Identify all lines in the data containing the string "Artis". Copy them out.

-- RECORDS PROVIDED follows --

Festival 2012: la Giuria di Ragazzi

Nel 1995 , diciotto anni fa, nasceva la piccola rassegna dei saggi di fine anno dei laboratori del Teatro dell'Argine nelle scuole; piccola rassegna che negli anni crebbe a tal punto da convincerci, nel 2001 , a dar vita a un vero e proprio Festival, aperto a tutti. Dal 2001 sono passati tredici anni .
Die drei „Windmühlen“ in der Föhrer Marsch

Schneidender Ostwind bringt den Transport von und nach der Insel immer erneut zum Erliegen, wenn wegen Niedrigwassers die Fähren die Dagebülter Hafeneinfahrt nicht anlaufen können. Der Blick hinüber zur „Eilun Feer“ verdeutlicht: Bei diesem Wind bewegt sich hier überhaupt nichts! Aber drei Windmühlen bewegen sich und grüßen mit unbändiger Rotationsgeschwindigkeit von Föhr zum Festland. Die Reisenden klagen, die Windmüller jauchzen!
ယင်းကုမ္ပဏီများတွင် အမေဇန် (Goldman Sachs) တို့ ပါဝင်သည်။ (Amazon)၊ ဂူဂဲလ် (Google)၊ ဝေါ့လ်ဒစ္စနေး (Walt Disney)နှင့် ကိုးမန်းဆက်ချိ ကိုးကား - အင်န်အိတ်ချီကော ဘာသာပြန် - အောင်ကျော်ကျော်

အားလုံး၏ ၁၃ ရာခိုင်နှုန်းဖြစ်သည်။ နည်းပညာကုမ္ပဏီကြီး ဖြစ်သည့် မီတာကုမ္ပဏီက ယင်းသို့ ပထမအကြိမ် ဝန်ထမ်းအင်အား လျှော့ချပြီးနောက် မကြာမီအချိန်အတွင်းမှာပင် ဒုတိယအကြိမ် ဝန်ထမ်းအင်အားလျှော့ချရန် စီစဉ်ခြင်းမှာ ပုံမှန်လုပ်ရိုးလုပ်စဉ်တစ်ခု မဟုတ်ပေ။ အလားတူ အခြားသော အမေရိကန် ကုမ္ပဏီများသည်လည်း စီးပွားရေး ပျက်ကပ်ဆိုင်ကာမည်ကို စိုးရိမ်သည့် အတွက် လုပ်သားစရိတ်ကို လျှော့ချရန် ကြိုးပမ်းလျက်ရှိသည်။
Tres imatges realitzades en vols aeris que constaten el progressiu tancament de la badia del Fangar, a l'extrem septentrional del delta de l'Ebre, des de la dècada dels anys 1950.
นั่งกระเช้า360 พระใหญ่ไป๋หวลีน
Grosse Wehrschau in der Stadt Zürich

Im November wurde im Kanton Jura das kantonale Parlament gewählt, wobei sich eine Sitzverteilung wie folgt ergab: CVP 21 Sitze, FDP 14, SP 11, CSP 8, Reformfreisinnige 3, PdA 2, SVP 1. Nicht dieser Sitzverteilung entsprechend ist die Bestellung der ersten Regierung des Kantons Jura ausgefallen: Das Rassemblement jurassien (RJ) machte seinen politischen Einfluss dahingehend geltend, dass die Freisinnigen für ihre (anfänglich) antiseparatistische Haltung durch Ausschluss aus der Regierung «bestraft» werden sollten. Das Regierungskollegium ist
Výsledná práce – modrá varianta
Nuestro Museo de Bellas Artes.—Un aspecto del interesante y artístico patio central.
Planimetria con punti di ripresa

-- RECORDS PROVIDED concluded --
-- RECORDS PROVIDED follows --

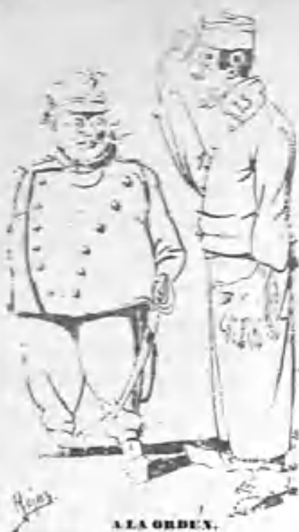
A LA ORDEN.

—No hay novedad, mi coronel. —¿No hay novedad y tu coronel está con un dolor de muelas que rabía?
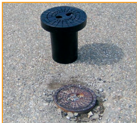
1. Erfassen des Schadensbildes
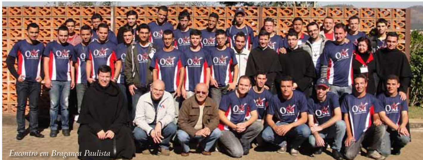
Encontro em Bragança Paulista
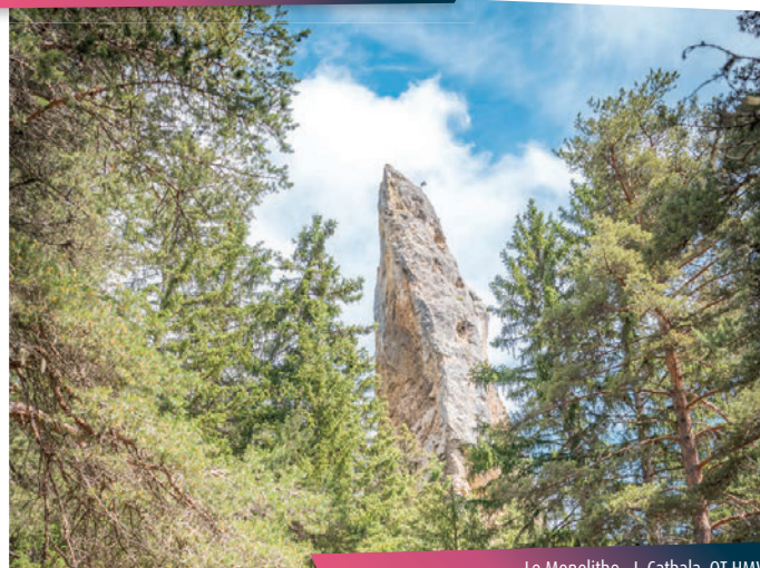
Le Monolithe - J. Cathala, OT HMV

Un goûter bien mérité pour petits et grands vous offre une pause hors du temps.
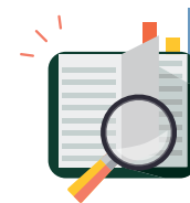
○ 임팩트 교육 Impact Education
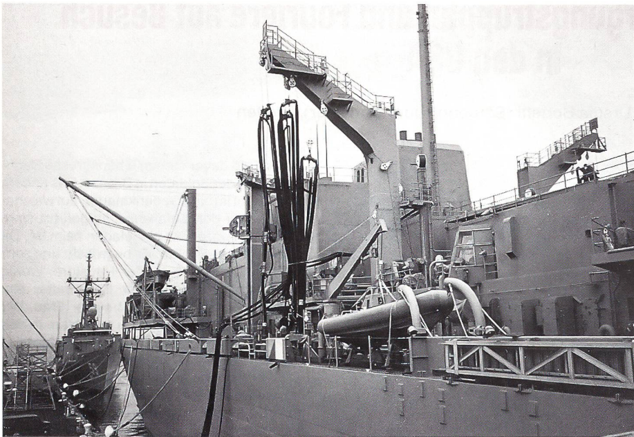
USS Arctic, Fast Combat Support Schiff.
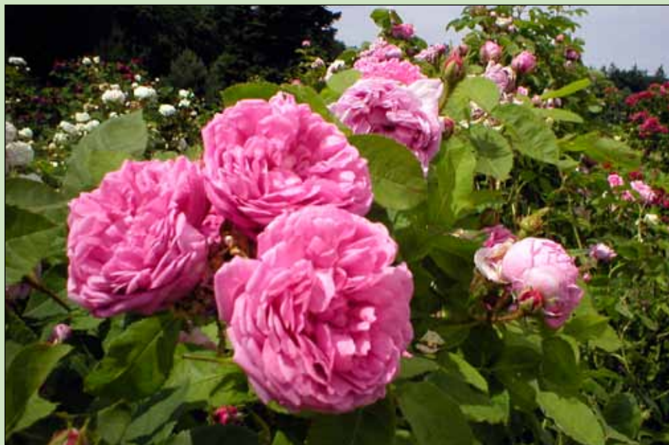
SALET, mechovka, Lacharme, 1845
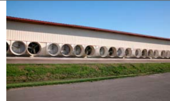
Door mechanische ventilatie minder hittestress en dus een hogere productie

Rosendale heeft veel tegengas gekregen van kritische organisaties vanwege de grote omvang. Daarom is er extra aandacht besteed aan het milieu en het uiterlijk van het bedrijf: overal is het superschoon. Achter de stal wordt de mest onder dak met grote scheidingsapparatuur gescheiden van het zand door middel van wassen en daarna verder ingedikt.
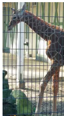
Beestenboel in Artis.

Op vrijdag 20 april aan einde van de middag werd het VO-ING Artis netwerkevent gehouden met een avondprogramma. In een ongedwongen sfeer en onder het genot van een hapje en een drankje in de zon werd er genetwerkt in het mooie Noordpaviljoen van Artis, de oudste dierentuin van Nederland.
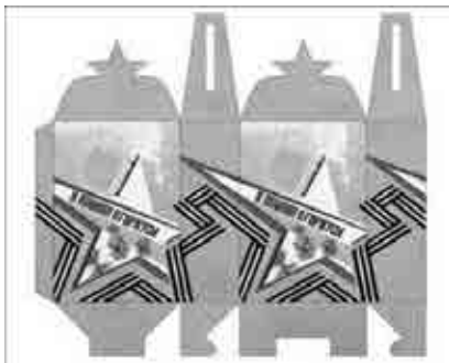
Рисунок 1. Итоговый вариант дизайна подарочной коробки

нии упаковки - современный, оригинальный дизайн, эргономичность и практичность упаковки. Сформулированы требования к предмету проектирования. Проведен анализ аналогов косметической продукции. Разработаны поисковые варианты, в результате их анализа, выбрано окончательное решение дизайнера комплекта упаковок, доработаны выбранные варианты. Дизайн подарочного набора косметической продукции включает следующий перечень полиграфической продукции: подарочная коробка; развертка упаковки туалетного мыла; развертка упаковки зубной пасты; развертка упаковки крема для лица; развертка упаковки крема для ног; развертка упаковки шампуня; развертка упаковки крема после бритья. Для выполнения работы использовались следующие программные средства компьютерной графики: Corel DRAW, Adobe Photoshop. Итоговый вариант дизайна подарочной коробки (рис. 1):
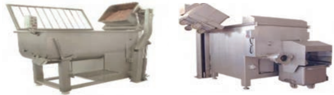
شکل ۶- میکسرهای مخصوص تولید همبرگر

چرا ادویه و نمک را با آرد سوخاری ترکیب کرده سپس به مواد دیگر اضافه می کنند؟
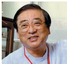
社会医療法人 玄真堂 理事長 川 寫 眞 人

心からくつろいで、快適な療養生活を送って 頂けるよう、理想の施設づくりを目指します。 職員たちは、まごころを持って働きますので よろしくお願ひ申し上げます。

-- RECORDS PROVIDED concluded --

-- OUTPUT OF THE EXERCISE --
Beestenboel in Artis.
Op vrijdag 20 april aan einde van de middag werd het VO-ING Artis netwerkevent gehouden met een avondprogramma. In een ongedwongen sfeer en onder het genot van een hapje en een drankje in de zon werd er genetwerkt in het mooie Noordpaviljoen van Artis, de oudste dierentuin van Nederland.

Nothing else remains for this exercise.